1. Anastasia Elrouss, fondatrice de l’agence ANA et de l’ONG Warch(ée), Liban

Rédigé par Stéphanie DADOUR
Publié le 09/12/2018

Anastasia Elrouss

Dossier réalisé par Stéphanie DADOUR
Dossier publié dans le d'A n°268

Sensibilisation Et formation : l’empowerment des femmes


Anastasia Elrouss, fondatrice de l’agence ANA et de l’ONG Warch(ée), Liban




Ayant grandi à tripoli, au Liban, au sein d’un ménage de sept femmes, sans figure masculine, Anastasia Elrouss poursuit des études d’architecture à l’American University of Beirut. Diplômée en 2005, elle travaille dans plusieurs agences avant de s’engager auprès d’une jeune équipe où elle deviendra associée en 2008. En 2017, elle fonde sa propre agence, ana, ainsi qu’une ONG, Warché(e). C’est à son arrivée dans la grande ville, à l’université, qu’elle découvre les spatialités d’une société patriarcale. Et c’est lors de ses premières expériences professionnelles, à Beyrouth comme à paris, qu’elle réalise les différences genrées planant dans les agences.

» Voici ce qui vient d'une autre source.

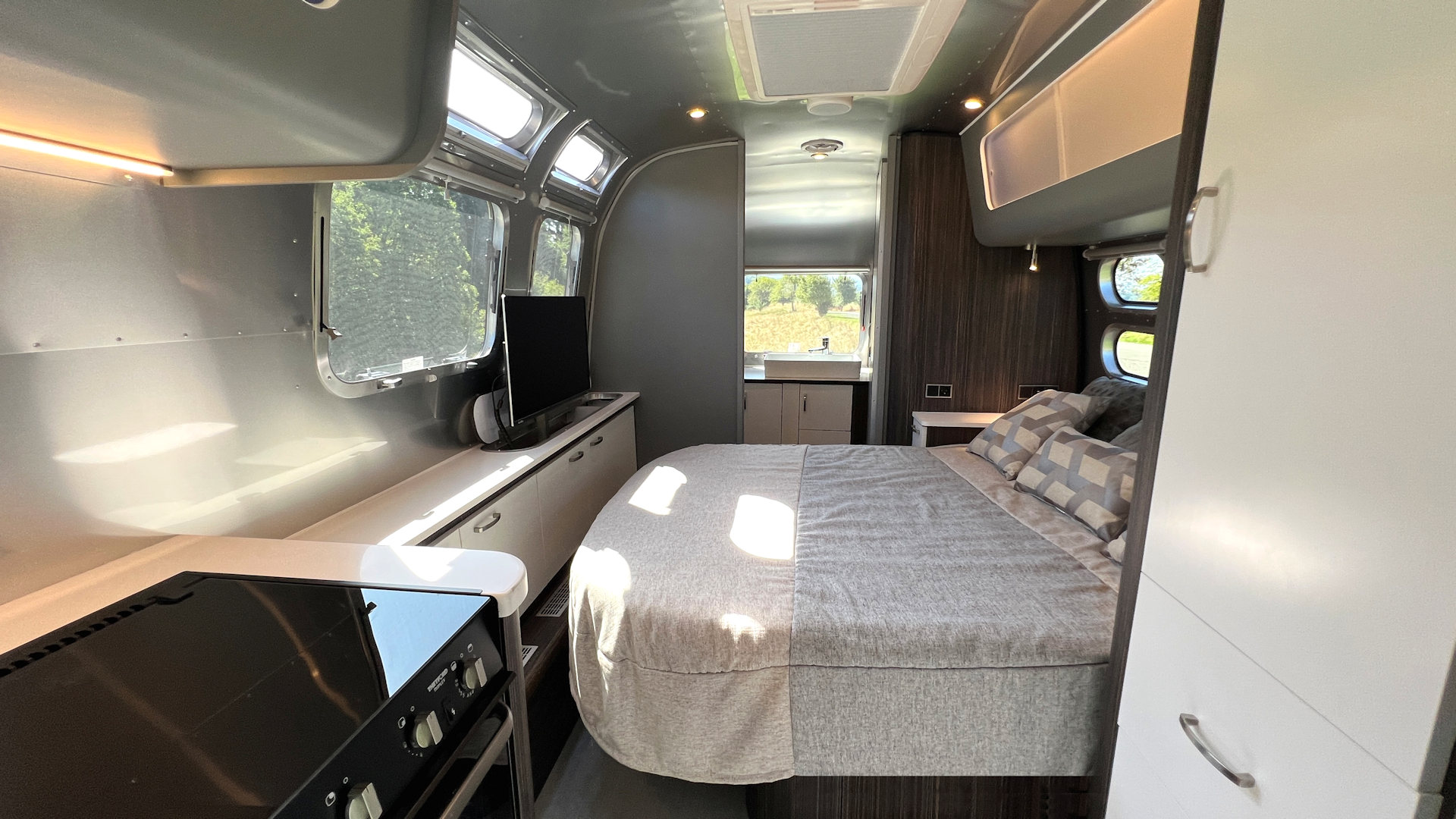 De Airstream International 25IB heeft een woonoppervlakte van bijna zeventien vierkante meter. Opgesloten zul je je dus niet snel voelen. Het interieur oogt modern door de donkere houten meubels met witte fronten en de grijze bovenkasten. De blikvanger in de caravan is echter het tweepersoonsbed. Van de afmeting van 1,42×1,83 zijn we niet zo onder de indruk, maar dat het dwars op de rijrichting is geplaatst en van beide kanten goed bereikbaar is, is mooi meegenomen. Bovendien is het bed met één druk op de knop in te korten, waardoor je overdag meer bewegingsruimte hebt.

Une femme n’est pas une « représentation » d’un homme


Elle a moins de 30 ans lorsqu’elle est associée à une agence en vogue et responsable de grands projets. En dehors du lieu de travail, elle est entourée d’hommes : lors de consultations, avec les décisionnaires, à la banque, sur le chantier. Dans ces circonstances et de manière récurrente, lorsque les femmes sont en minorité, les hommes se permettent des remarques portant sur des stéréotypes de genre ou sur le physique. Aussitôt qu’elle doit émettre des directives quant à l’avancement du projet, « j’use de tactiques afin d’être réellement écoutée », explique Anastasia. L’une d’entre elles consiste à énoncer les directives comme émanant du fondateur de l’agence, soit une manière de donner de la crédibilité à ses dires, à ses propres décisions et de conforter, en même temps, le patron. En effet, et avec le recul, elle se rend compte que l’ambiguïté autour de la hiérarchie (elle et le patron étant en réalité égaux) explique cette manière de se représenter : se rendre invisible. Près de dix ans plus tard, elle décide de fonder sa propre agence, ANA, qu’elle accompagne d’une ONG, Warch(ée)1. À nouveau, on la fustige de questions : alors que tu as un bon salaire, des projets de rêve, l’équipe, bientôt des enfants… que veux-tu de plus ? Et de répondre : « Je veux exister. » Pour qu’une femme soit prise au sérieux, elle doit faire ses preuves et sans cesse prouver qu’elle est au niveau. Lorsqu’elle décide de se mettre à son compte, on dira qu’elle a « des couilles », et non pas qu’elle est architecte.

 

Ana + warch(ée) : être responsable de ce qu’est être une femme architecte



« Je voulais raconter et dire aux femmes de ne pas faire comme moi » : je me suis cachée derrière un homme à cause de la pression. Et c’est une véritable pression : sociale et professionnelle. Pour qu’une femme soit entendue, il faut qu’elle acquière, qu’elle « gagne » les caractéristiques d’un homme. « Or, être femme et féminine peut rimer avec réussite et carrière. Avec vie familiale aussi. » Warch(ée) ne se limite pas à une campagne de sensibilisation. Le projet vise à former des femmes aux métiers de la construction afin de décloisonner ce milieu, et participer concrètement à la fabrication de milieux bâtis : maçonnerie, menuiserie, électricité, plomberie. Des modules mobiles seront mis à disposition des femmes, in situ sur les chantiers. De l’empowerment, diront les Anglo-Saxons, pour que les femmes soient visibles à tous les niveaux et pour qu’elles occupent plus de place dans l’espace public.